Trump shrugged off Obama’s criticism, saying on Twitter that the
former president had only “47 people” at his event.

“No energy, but still better than Joe!” he quipped.

And he shrugged off polls which continue to show his Democratic
rival Biden leading the race.

“They want to depress you,” he said of the political and media
outlets reporting the numbers. “These polls are much better than four
years ago.”

“This election is a choice between a Trump super-recovery and a
Biden depression,” he told supporters under a hot sun in North
Carolina, highlighting promises of a cure to Covid-19 and a rapid
economic recovery.

Biden has a firm lead in national polls, and narrower leads in many
battleground states like Florida that typically decide the winner of
US presidential elections.

But Democrats are not about to forget the stunning upset Trump
pulled off in 2016 when he defeated Hillary Clinton, and Biden worked
to chip away at Trump supporters Saturday.

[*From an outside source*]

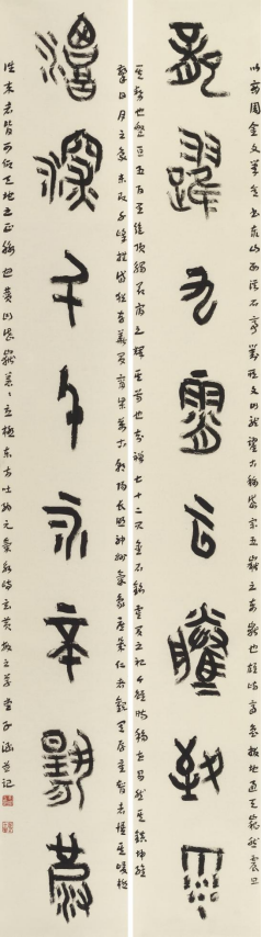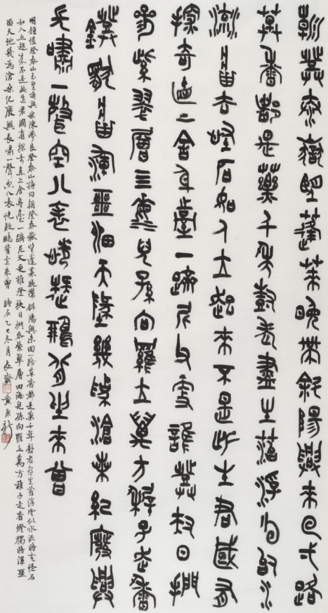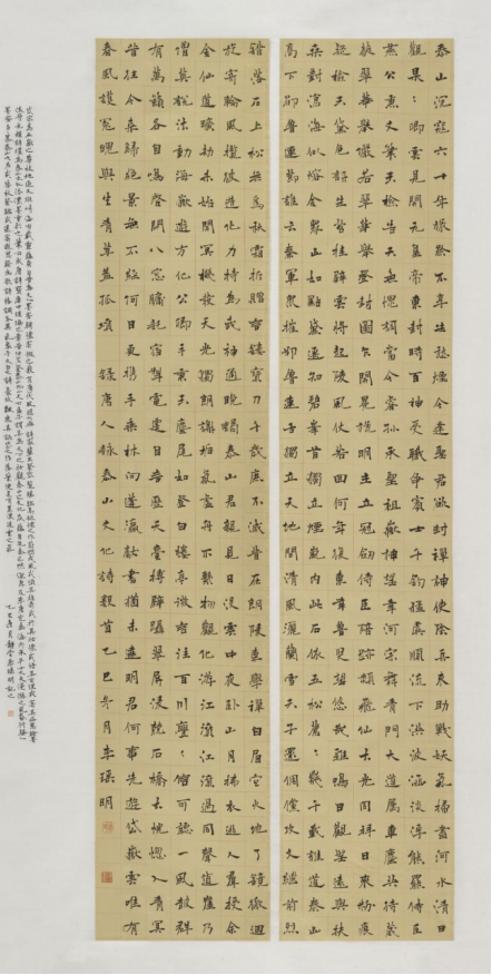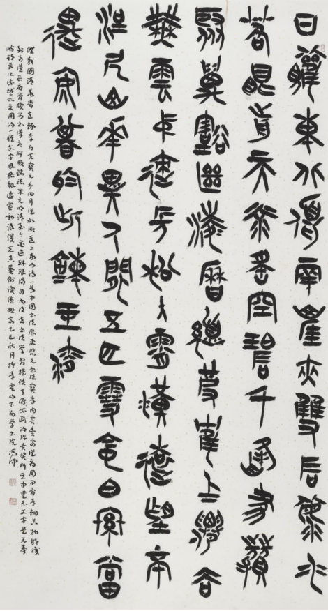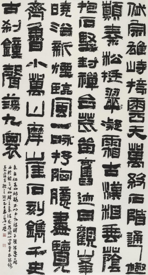 本次入选作品展,以文物守护、书道传薪为精神内核,植根泰山世界自然与文化双遗产之厚壤,承续经石峪摩崖刻石“大字鼻祖”之千古风骨,自全国应征佳作中精择四十件精品汇展于此。参展诸作,皆以泰山诗文、家国襟怀、文化颂赞为题,篆隶楷行草五体纷呈,风格气象万千:笔墨沉雄苍劲,章法雍容典雅,既守泰山摩崖大字之古拙神韵,又融当代书家之艺术襟抱,文心与墨韵相融,风骨与意趣共生。

“I understand why some people voted for Donald Trump, they believe
they weren’t seen, or being respected or heard… I get it. But then
he got elected, he immediately forgot the Forgotten Man,” he said at a
second rally in Dallas, Pennsylvania.

“You know, you’ll be seen and you’re heard and respected by me…
if elected president, there’ll be no red states or blue states, only
the United States,” he said.

Trump’s current grueling travels aim to repeat his 2016 feat.

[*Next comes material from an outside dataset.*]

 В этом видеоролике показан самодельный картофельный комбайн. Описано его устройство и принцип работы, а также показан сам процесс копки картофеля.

Earlier Saturday, Trump cast his own vote at a public library in
Florida, telling reporters with a smile: “I voted for a guy named
Trump.”

He thus became one of nearly 55 million Americans to cast early
ballots in a year when the coronavirus has made in-person voting
problematic.

Campaigning at a frenetic pace, Trump then hop-scotched from North
Carolina to Ohio, and later to Wisconsin, where he doubled down on his
optimism, repeating claims that the country is “rounding the turn” of
the pandemic.

Referring to earlier comments by Biden warning of a “dark winter”
with Covid-19, Trump said he thought his rival was “very dark.”

“They say you sound too optimistic,” he added of himself. “That’s
right, because I love this country. We’re optimists… Our country
next year will be greater than ever before.”